* **EXERCISE AIM**:
The expected response is the full listing, retyped exactly, without its images.

* **DATA LISTING**:
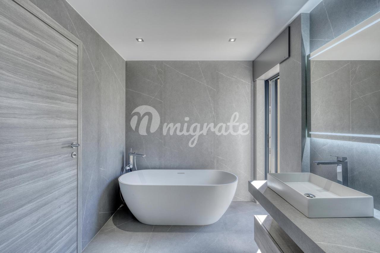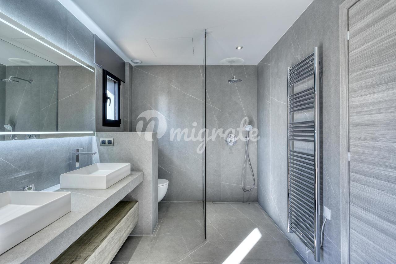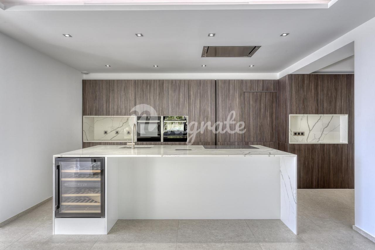 Современная кухня с кухонным островом, светлая столовая, просторная гостиная, главная спальня с собственной ванной комнатой, еще три спальни, ванная комната и душевая. Недвижимость окружена ландшафтным садом площадью около 2600 кв. м с элегантным пейзажным бассейном с видом на море, просторными террасами и двумя гаражами.
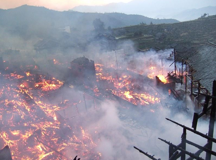 2013年3月,云南麗江古城光義街現(xiàn)文巷突發(fā)火災(zāi),燒毀民房107間;2013年4月,湖南鳳凰古城發(fā)生大火,由于消防通道狹窄無法迅速撲救,幾棟古房屋及其內(nèi)酒吧被徹底燒毀;2017年4月,古城一處街角再次發(fā)生火災(zāi);2013年8月,湖南靖州苗族侗族自治縣一古村寨發(fā)生火災(zāi),共造成58戶、248名村民房屋被燒毀;2013年10月,湖南洪江古商城清代古建筑“曾國藩兵服廠”旁一棟老民居突發(fā)大火,11戶居民無家可歸;2013年12月,洪江古商城建于清末民初的朱志大油號舊址在一次大火中付之一炬,造成22戶67人受災(zāi);頻發(fā)的火災(zāi),不僅給人民生命財產(chǎn)帶來損失,而且許多被燒毀的建筑都有上百年歷史或獨(dú)特民俗,具有較高的歷史文化價值。在廣西三江侗族自治縣,許多古村落近年來頻遭火魔侵襲,有的甚至徹底焚毀。
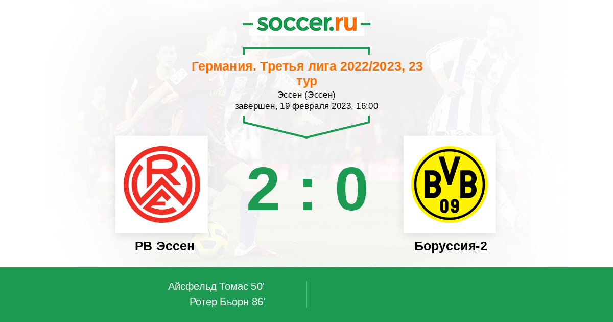| РВ Эссен | 23:28 | 14:12 | 9:16 |
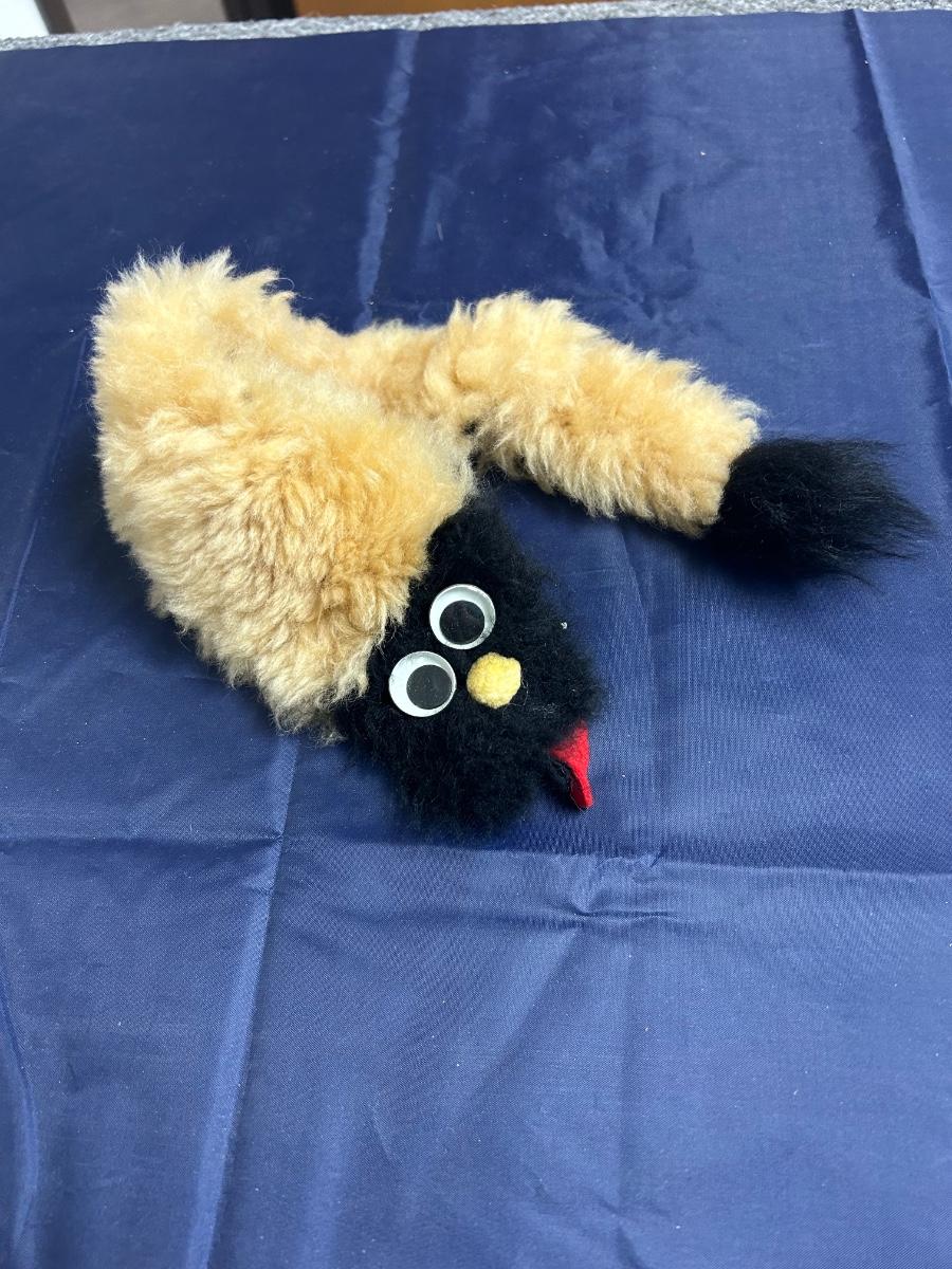 Vintage Funky Wool Sherpa Fleece Hand Made Worm Caterpillar Toy Googly Eyes. Unsure what it was made for.
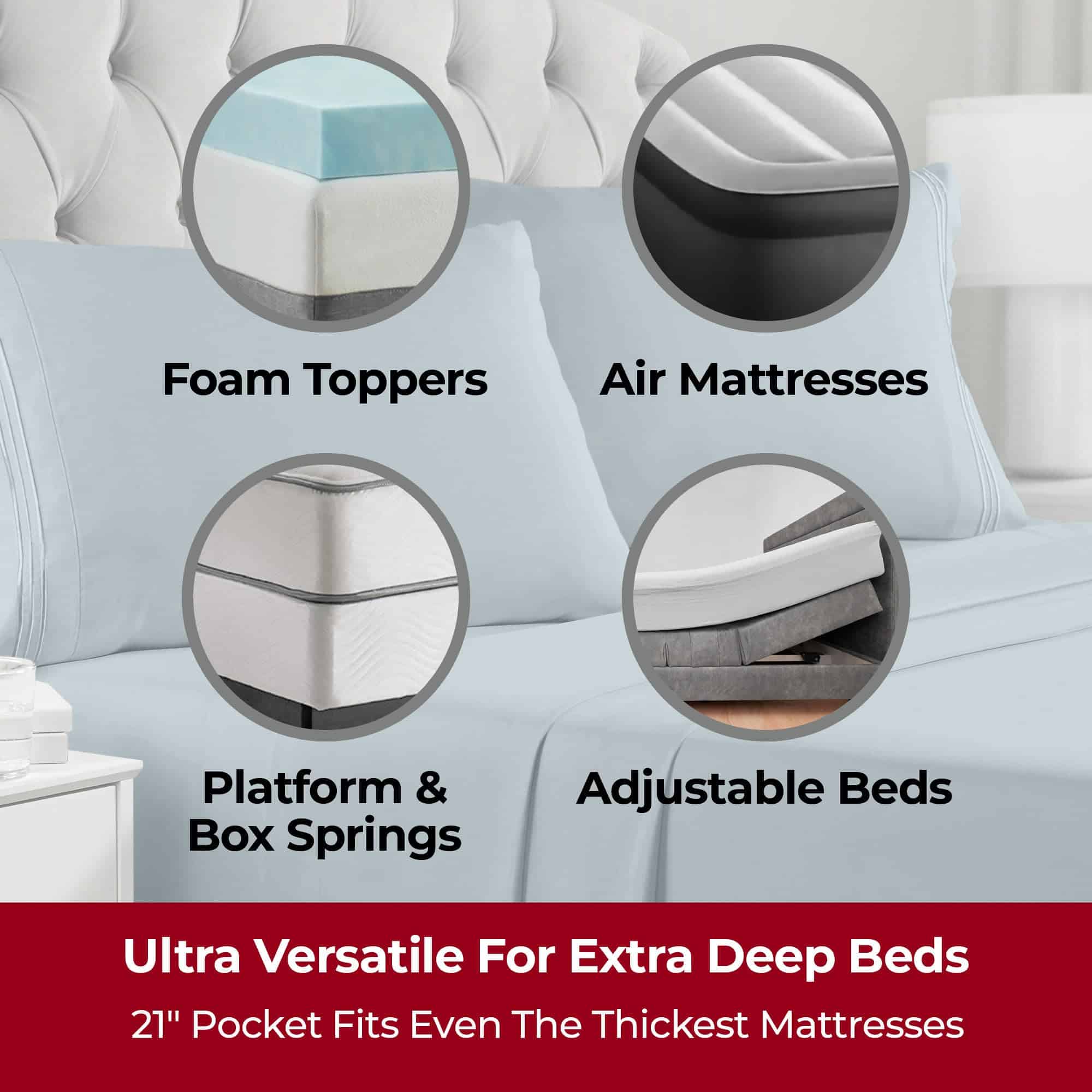 El ganador del premio Good Housekeeping Best Bedding ofrece una calidad inigualable y una construcción robusta para garantizar un ajuste perfecto en tu colchón. Las profundas bolsas de la sábana bajera pueden adaptarse a colchones de hasta 21 pulgadas de profundidad, mientras que el elástico cosido en todo el contorno facilita la colocación y la extracción, manteniendo las sábanas en su lugar durante la noche.
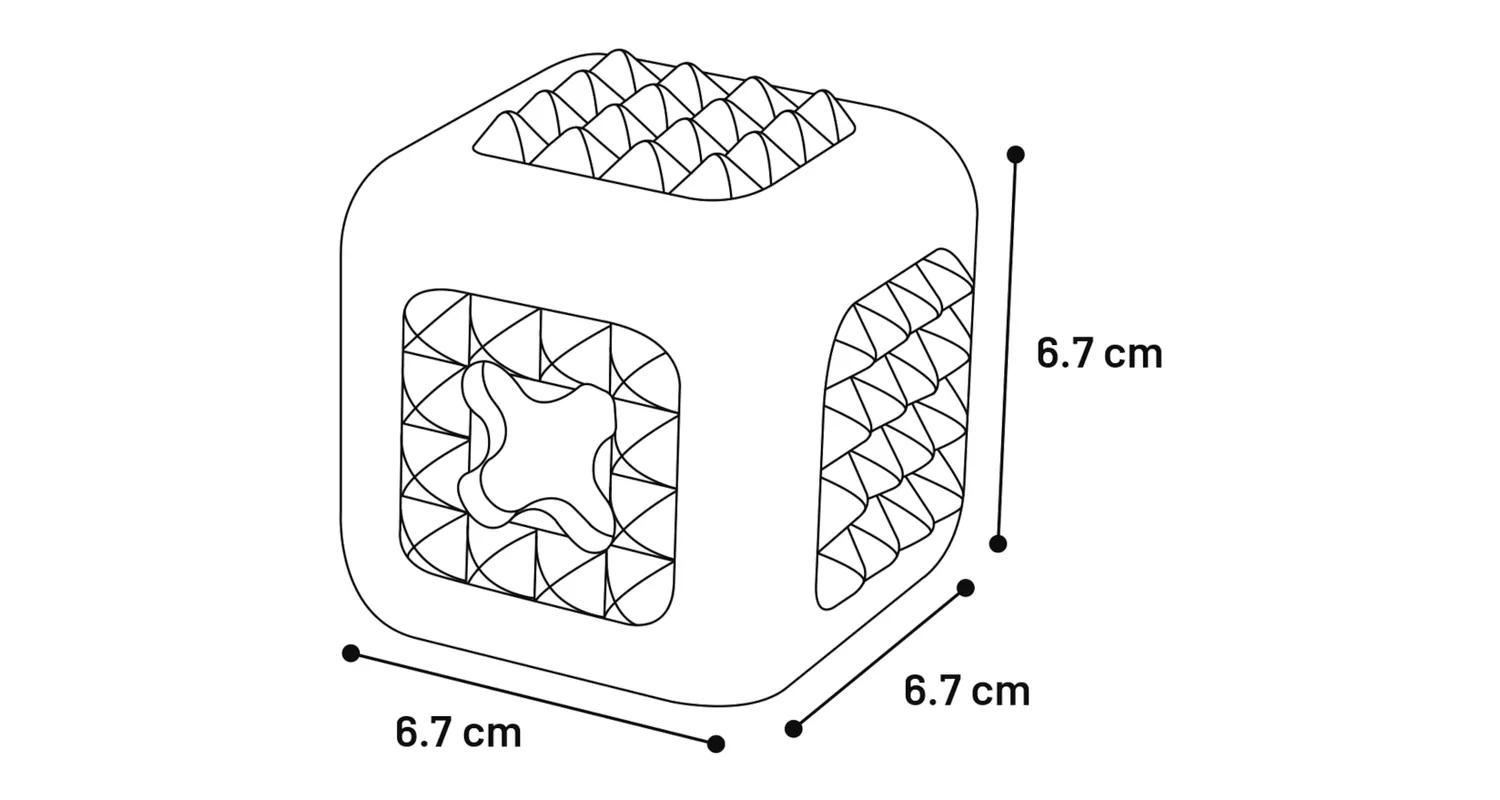 Este juguete para perros juguetón tiene forma de cubo con lados resistentes a mordiscos. Los puntos y el agujero en forma de cruz proporcionan un buen agarre. ¡Perfecto para llevar a cualquier lugar!

* **WRITTEN SOLUTION**:
 Современная кухня с кухонным островом, светлая столовая, просторная гостиная, главная спальня с собственной ванной комнатой, еще три спальни, ванная комната и душевая. Недвижимость окружена ландшафтным садом площадью около 2600 кв. м с элегантным пейзажным бассейном с видом на море, просторными террасами и двумя гаражами.
 2013年3月,云南麗江古城光義街現(xiàn)文巷突發(fā)火災(zāi),燒毀民房107間;2013年4月,湖南鳳凰古城發(fā)生大火,由于消防通道狹窄無法迅速撲救,幾棟古房屋及其內(nèi)酒吧被徹底燒毀;2017年4月,古城一處街角再次發(fā)生火災(zāi);2013年8月,湖南靖州苗族侗族自治縣一古村寨發(fā)生火災(zāi),共造成58戶、248名村民房屋被燒毀;2013年10月,湖南洪江古商城清代古建筑“曾國藩兵服廠”旁一棟老民居突發(fā)大火,11戶居民無家可歸;2013年12月,洪江古商城建于清末民初的朱志大油號舊址在一次大火中付之一炬,造成22戶67人受災(zāi);頻發(fā)的火災(zāi),不僅給人民生命財產(chǎn)帶來損失,而且許多被燒毀的建筑都有上百年歷史或獨(dú)特民俗,具有較高的歷史文化價值。在廣西三江侗族自治縣,許多古村落近年來頻遭火魔侵襲,有的甚至徹底焚毀。
| РВ Эссен | 23:28 | 14:12 | 9:16 |
 Vintage Funky Wool Sherpa Fleece Hand Made Worm Caterpillar Toy Googly Eyes. Unsure what it was made for.
 El ganador del premio Good Housekeeping Best Bedding ofrece una calidad inigualable y una construcción robusta para garantizar un ajuste perfecto en tu colchón. Las profundas bolsas de la sábana bajera pueden adaptarse a colchones de hasta 21 pulgadas de profundidad, mientras que el elástico cosido en todo el contorno facilita la colocación y la extracción, manteniendo las sábanas en su lugar durante la noche.
 Este juguete para perros juguetón tiene forma de cubo con lados resistentes a mordiscos. Los puntos y el agujero en forma de cruz proporcionan un buen agarre. ¡Perfecto para llevar a cualquier lugar!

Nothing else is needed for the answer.